Question:
You're given the parallelogram $ABCD$ shown below, with vertices at $A(2,3)$, $B(12, 9)$, $C(14, 17)$, $D(4,11)$. And you want to determine the ellipse that is tangent to all four sides of the parallelogram, such that its major or minor axis is at an angle $+30^\circ$ with positive $x$ axis. To determine the ellipse, find its algebraic equation, or find its major and minor semi-axes, and their inclination angle from the positive $x$ axis.
Remarks:
From symmetry, it follows that the center of the ellipse is the center of the parallelogram.
The gradient of the ellipse (the normal vector) is pointing in the outward direction at the points of contact with the sides of the parallelogram.
I'll propose instead a ruler-and-compass construction, because it's fairly easy. Let then $ABCD$ be the given parallelogram, $O$ its center, and $OE$ the given major axis, intersecting side $BC$ at $E$ (see figure below).
Construct the bisector of $\angle BCD$, intersecting the major axis at $H$, and line $CI\perp CH$, intersecting the major axis at $I$. Draw circle $HCI$ and construct from $O$ a tangent $OK$ to this circle.
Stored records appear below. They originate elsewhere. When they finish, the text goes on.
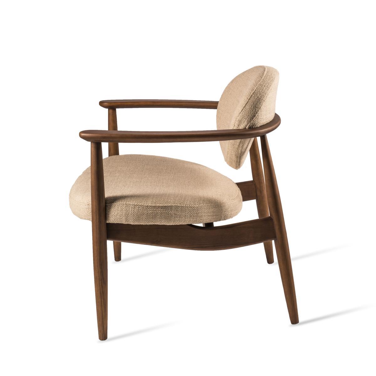 I love the Roundy armchair for its versatile design and neutral colour palette, making it a great addition to a variety of interiors. Its classic shape combined with the natural wood frame lends itself well to both modern and traditional spaces. It works beautifully in living rooms as an accent piece, or in bedrooms as a cosy reading nook. When styling, consider pairing it with textured throws or cushions in muted tones for a layered look, or add a pop of colour with vibrant accessories. Its neutral fabric makes it easy to coordinate with various colour schemes, while the wooden accents add warmth and sophistication to any setting.
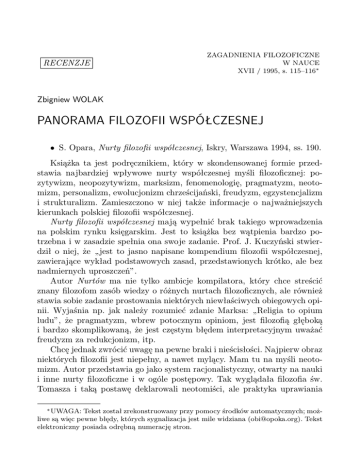 RECENZJE ZAGADNIENIA FILOZOFICZNE W NAUCE XVII / 1995, s. 115–116∗ Zbigniew WOLAK PANORAMA FILOZOFII WSPÓŁCZESNEJ • S. Opara, Nurty filozofii współczesnej, Iskry, Warszawa 1994, ss. 190. Książka ta jest podręcznikiem, który w skondensowanej formie przedstawia najbardziej wpływowe nurty współczesnej myśli filozoficznej: pozytywizm, neopozytywizm, marksizm, fenomenologię, pragmatyzm, neotomizm, personalizm, ewolucjonizm chrześcijański, freudyzm, egzystencjalizm i strukturalizm. Zamieszczono w niej także informacje o najważniejszych kierunkach polskiej filozofii współczesnej. Nurty filozofii współczesnej mają wypełnić brak takiego wprowadzenia na polskim rynku księgarskim. Jest to książka bez wątpienia bardzo potrzebna i w zasadzie spełnia ona swoje zadanie. Prof. J. Kuczyński stwierdził o niej, że „ jest to jasno napisane kompendium filozofii współczesnej, zawierające wykład podstawowych zasad, przedstawionych krótko, ale bez nadmiernych uproszczeń”. Autor Nurtów ma nie tylko ambicje kompilatora, który chce streścić znany filozofom zasób wiedzy o różnych nurtach filozoficznych, ale również stawia sobie zadanie prostowania niektórych niewłaściwych obiegowych opinii. Wyjaśnia np. jak należy rozumieć zdanie Marksa: „Religia to opium ludu”, że pragmatyzm, wbrew potocznym opiniom, jest filozofią głęboką i bardzo skomplikowaną, że jest częstym błędem interpretacyjnym uważać freudyzm za redukcjonizm, itp. Chcę jednak zwrócić uwagę na pewne braki i nieścisłości. Najpierw obraz niektórych filozofii jest niepełny, a nawet mylący. Mam tu na myśli neotomizm. Autor przedstawia go jako system racjonalistyczny, otwarty na nauki i inne nurty filozoficzne i w ogóle postępowy. Tak wyglądała filozofia św. Tomasza i taką postawę deklarowali neotomiści, ale praktyka uprawiania ∗ UWAGA: Tekst został zrekonstruowany przy pomocy środków automatycznych; możliwe są więc pewne błędy, których sygnalizacja jest mile widziana ([email protected]). Tekst elektroniczny posiada odrębną numerację stron. 2 Zbigniew WOLAK filozofii przez neotomistów często przeczyła tym deklaracjom. Widać to wyraźnie w postawie neotomistów wobec współczesnej nauki i filozofii nauki. Zresztą S. Opara sam zwrócił uwagę na niewłaściwy stosunek J. Maritaina do darwinizmu i freudyzmu (jako teorii naukowych, autor odróżnia od nich filozofie powstałe na gruncie tych teorii) i na słabość jego krytyki. Podejście Maritaina do nauk przyrodniczych nie jest dla neotomistów wyjątkowe, ale raczej typowe. Autor Nurtów myli się, kiedy stwierdza, że w Kościele nadal istnieją indeksy zakazanych ksiąg i teorii naukowych. Niesłusznie też przypisuje on filozofom chrześcijańskim powszechne przekonanie o tym, że Bóg kryje się w rejonach jeszcze nie poznanych przez nauki. Nie jest też rozsądne argumentowanie za tą opinią przy pomocy relacji S. W. Hawkinga z konferencji na Watykanie. Ten genialny fizyk na pewno nie jest autorytetem w sprawach filozofii Boga, a tym bardziej w sprawach wiary i nauki Kościoła. W celu poznania współczesnej filozofii Boga uprawianej przez uczonych katolickich należało raczej zajrzeć do sprawozdań ze spotkań Jana Pawła II z uczonymi w Castel Gandolfo, gdzie Bóg filozofów i uczonych katolickich na pewno nie jawił się jako „Bóg do zatykania dziur” w naszej wiedzy. Ostatnia uwaga dotyczy prezentacji tzw. ewolucjonizmu chrześcijańskiego Teilharda de Chardin. Ten uczony został ukazany jako jeden z najwierniejszych kontynuatorów myśli św. Tomasza. Istotnie zamiłowanie do filozofii, teologii i nauk przyrodniczych (nie wyróżnionych jeszcze w czasach Tomasza) można uznać za wspólne cechy obu myślicieli, ale ta wspólnota zainteresowań nie wystarczy do tego, aby zaliczać ich do tej samej kategorii. Różnica między tymi myślicielami jest, zdaniem wielu, zasadnicza i nie można jej pomijać. Różnica ta dotyczy metody uprawiania filozofii. Św. Tomasz wyraźnie oddzielił filozofię od teologii i od nauk szczegółowych, uważał, że każda z tych dziedzin poznania ma swój własny przedmiot i specyficzne sposoby poznania, nie wolno ich ze sobą mieszać. Ta dbałość o poszanowanie różnicy między różnymi rodzajami nauk jest zupełnie obca Teilhardowi. Dlatego wielu filozofów uważa, że jego dzieło nie może być zaliczane do nurtu filozofii racjonalistycznych, w którym mieści się myśl św. Tomasza, ale raczej jest przykładem filozofii irracjonalistycznej, zbliżonej bardziej do subiektywnej wizji poetyckiej niż do rzetelnie uzasadnianej koncepcji filozoficznej. Na tym kończę swoje uwagi. Ich celem nie było obniżenie wartości prezentowanej książki, może ona być dla wielu pożyteczną lekturą, wprowadzającą w zagadnienia filozofii współczesnej i zachęcająca do jej zgłębiania. PANORAMA FILOZOFII WSPÓŁCZESNEJ 3 Nie należy jednak zapominać, że każde ujęcie poglądów filozoficznych jest jednocześnie ich interpretacją. Nurty filozofii współczesnej mogą być jedną z wielu książek, które pozwolą czytelnikowi wyrobić sobie własny pogląd na filozoficzne poglądy innych i pomogą tworzyć własną filozofię. Zbigniew Wolak
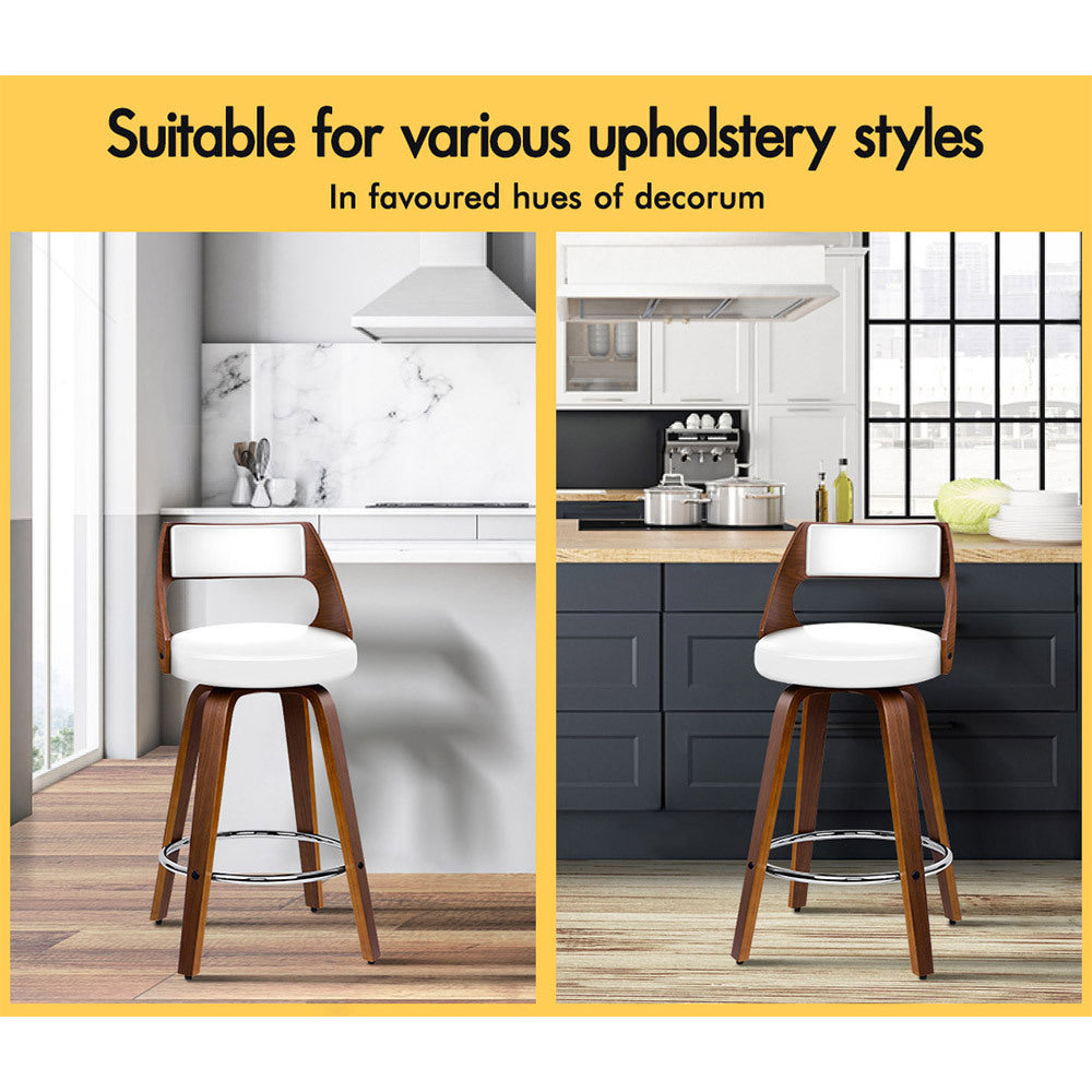 Upholstered in premium PU leather, the seat and backrest are richly padded with high-resilience foam and comfortable. Enhanced wooden base, made of solid plywood, ensures ultra stability with long-lasting durability. Your floor is also aptly protected with anti-slip plastic floor protectors attached to each leg of the bar stool.

Construct then on the major axis points $M$ and $N$ such that $OM=ON=OK$. Points $M$ and $N$ are the foci of the ellipse.
To find one of the contact points we can then construct $M'$ reflecting $M$ about line $CD$: the intersection $P$ between $M'N$ and $CD$ is a contact point. Having the foci and a point, the ellipse is completely determined and it's easy to find its vertices, if wanted.
I have no time now to explain why this construction works, I'll probably add something later on.